Fannie Mae’s HomeReady® loan programs provide flexible options for borrowers earning up to 80% of the area median income. It allows down payments from multiple sources, including personal savings, gifts, grants from lenders or housing agencies, and Community Seconds®. In Denver, CHFA’s programs qualify as Community Seconds, which permits combined CLTVs up to 105%.
Borrowers purchasing a one-unit property may use cash-on-hand as a source of down payment, provided they can document the savings history and cash availability. Sweat equity is also acceptable when it aligns with HomeReady underwriting and appraisal standards.
For borrowers with LTVs greater than 80%, a minimum contribution of 3% is required unless the down payment source is an acceptable non-lender gift or grant. When a lender provides the grant, the borrower must contribute at least 3% from personal or permitted funds. HomeReady supports purchases of one- to four-unit properties, though underwriting flexibilities and LTV allowances vary based on unit count and occupancy.
Non-occupant co-borrowers are allowed, and in some cases, their income may be included in qualification metrics. However, they are subject to lower LTV ceilings in manually underwritten scenarios.
All first time home buyers using HomeReady must complete a qualified homeownership education program prior to closing.

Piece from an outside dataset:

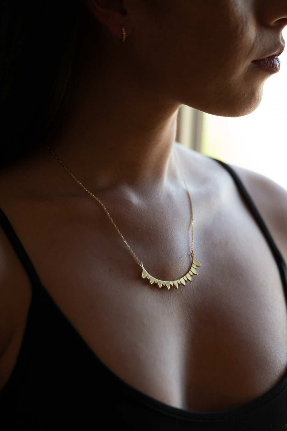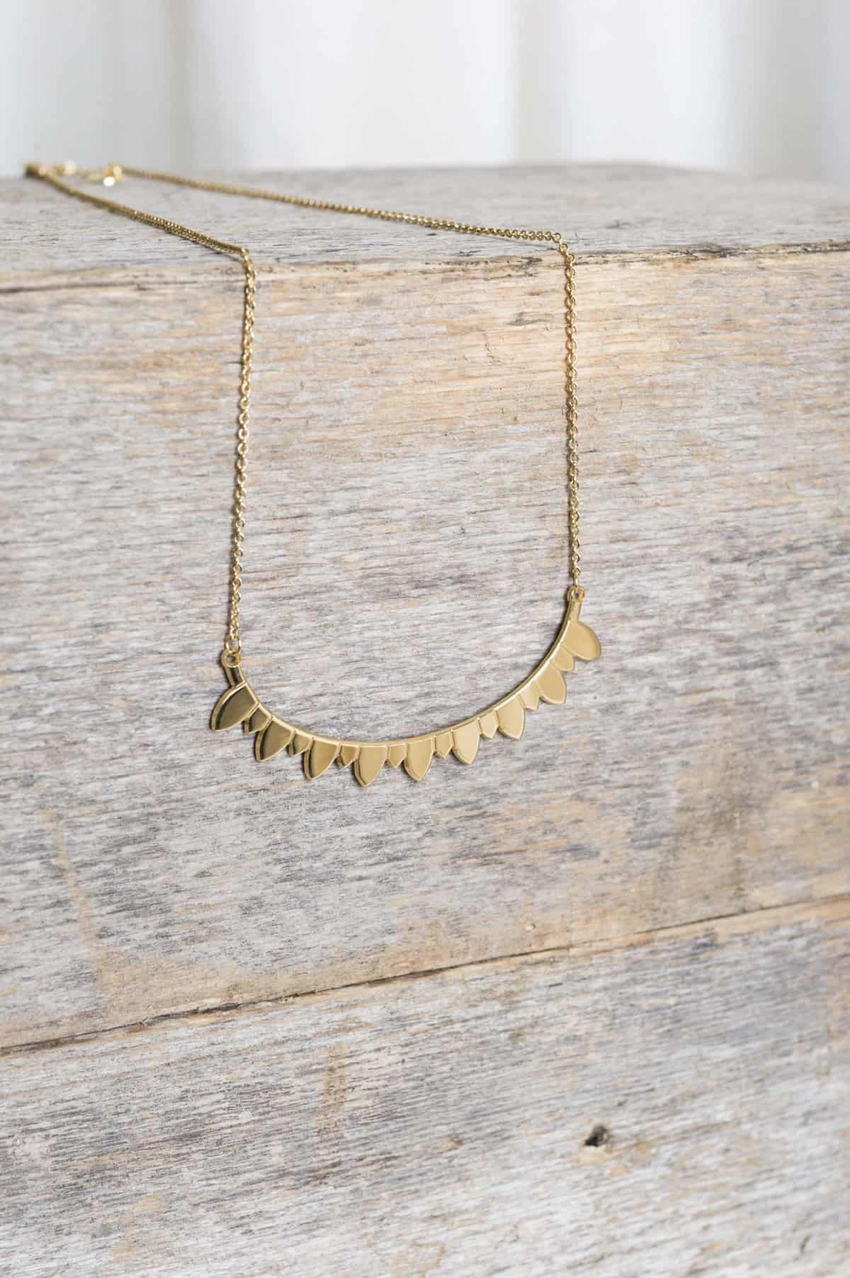 - Collier doré en arc.

Fannie Mae’s HomeView® course satisfies this requirement. Borrowers may alternatively complete a HUD-approved course offered through a down payment assistance provider. Completion must be documented and retained in the mortgage file. Education is required regardless of LTV and cannot be waived based on borrower experience.

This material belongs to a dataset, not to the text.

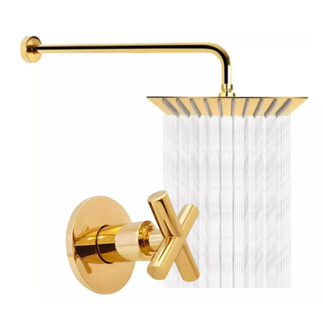 Conjunto Griferia Ducha Dorada Cruceta Lujo

Borrowers who complete counseling with a HUD-approved agency may receive a $500 loan-level price adjustment credit if documented correctly through Form 1103 and submitted at loan delivery with Special Feature Code 184.
Desktop Underwriter® (DU®) provides automated risk analysis and flags loan files that are potentially eligible for HomeReady but not underwritten accordingly. Lenders are prompted to resubmit these loans to ensure appropriate program usage. DU approval is required for loans with LTVs above 95%. Manual underwriting is permitted but subject to stricter credit and reserve standards. Borrowers with nontraditional or limited credit histories may qualify through supplemented credit files under specified conditions.

When layered correctly, CHFA assistance, FHA investment rules, and HomeReady education create a compliant, accessible path to homeownership. CHFA grants and second mortgages reduce the cash-to-close burden for borrowers without violating federal asset requirements. FHA policies ensure all funds are vetted and transparently sourced. HomeReady education reinforces financial literacy and preparedness, reducing default risk and improving long-term outcomes.
For Denver-based borrowers, this approach enables tailored financing strategies that reflect both personal affordability and program eligibility. Lenders must ensure accurate documentation across all channels, from CHFA forms to FHA-required disclosures, while borrowers benefit from informed choices grounded in federally recognized standards.
Down payments are more than a financial hurdle—they are a key regulatory and educational checkpoint in the mortgage process. The integration of Colorado’s CHFA programs, FHA’s national policy guidelines, and HomeReady’s education platform enables borrowers to meet required thresholds, understand their obligations, and enter into homeownership with confidence and clarity.
For stakeholders—borrowers, lenders, and housing counselors alike—adhering to these interconnected systems ensures not only compliance but also more secure lending outcomes. A well-documented and fully understood down payment structure builds the foundation for successful homeownership and financial resilience across Denver’s housing market.